A bigger issue is that stepwise regression distorts F statistics,
whether using forward or backward stepwise regression.
An F-statistic to compare nested models has approximately an F
distribution only when the two-models were specified a-priori, not
when one of the models is chosen because it appears best (or worst,
in the case of backward stepwise regression).
As an alternative to stepwise regression, consider least angle
regression / lasso / L1-regularized regression (different ways of
saying the same thing). See the 'glars' package at
http://csan.insightful.com, based on the 'glmpath' package by
Mee Young Park & Trevor Hastie. For background, see
Efron et al, Least Angle Regression, Annals 2004, 32(2), 407-451.
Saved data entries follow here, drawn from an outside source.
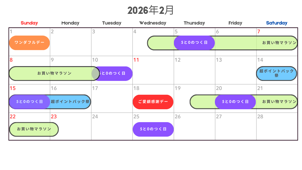 2026年2月の中でも、特にお得に買い物ができる日を解説します。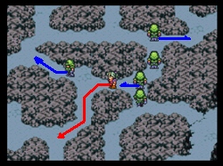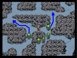 战役开始后分为三队,用Y键切换队伍。由于BOSS战有经验值,所以并不能让洛克参战。一开始动作快点把洛克那队调离,由飞天猪的队伍直接回避所有敌人冲向BOSS。躲避敌人的方法很简单:一开始先到左下角,等倒数第二个人走过之后马上到中间,因为最后一个人会走去左下角的位置,等他过了马上冲过去打BOSS。另外有一点要注意的,看见Lv9的同伴莫古了吗?虽然现在它还未正式成为同伴,但是它的装备菜单可以打开,装备也是可以脱下来的…(奸笑……)
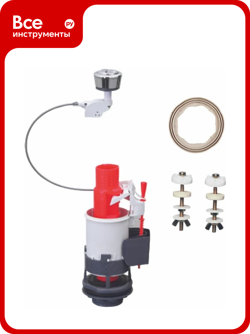 | ВКоробке | Механизм смыва - 1 шт. Крепёжные болты для унитаза - 2 шт. Прокладка между бачком и унитазом - 1 шт. Инструкция - 1 шт. |

Regarding the reviewer's point - you could construct examples where
starting with the full model is better. If n is much larger than p
I would do so (except that I'd use lasso instead).
Tim Hesterberg
>I used the following table to show the significant terms in a GLM model in my
>paper. One reviewer made the following comment:
>"Look at the folumn of DF it looks like the model was fitted useing step-wise
>regression. This distorts the F-statistics since these woudl be F-to-ennter. A
>more appropriate F would be to start with the full model and calculate F to
>delete one at a time. This would mean the error residuals are always estimated
>using the full model".
>
>I did this analysis quite some time ago and lost all the codes due to my
>relacation. My question is when fitting GLMs, can we choose to start with a
>null model or a full model? Does this really make differences? Thank you so
>much for your help.
>
>Regards,
>
>Yiwu
|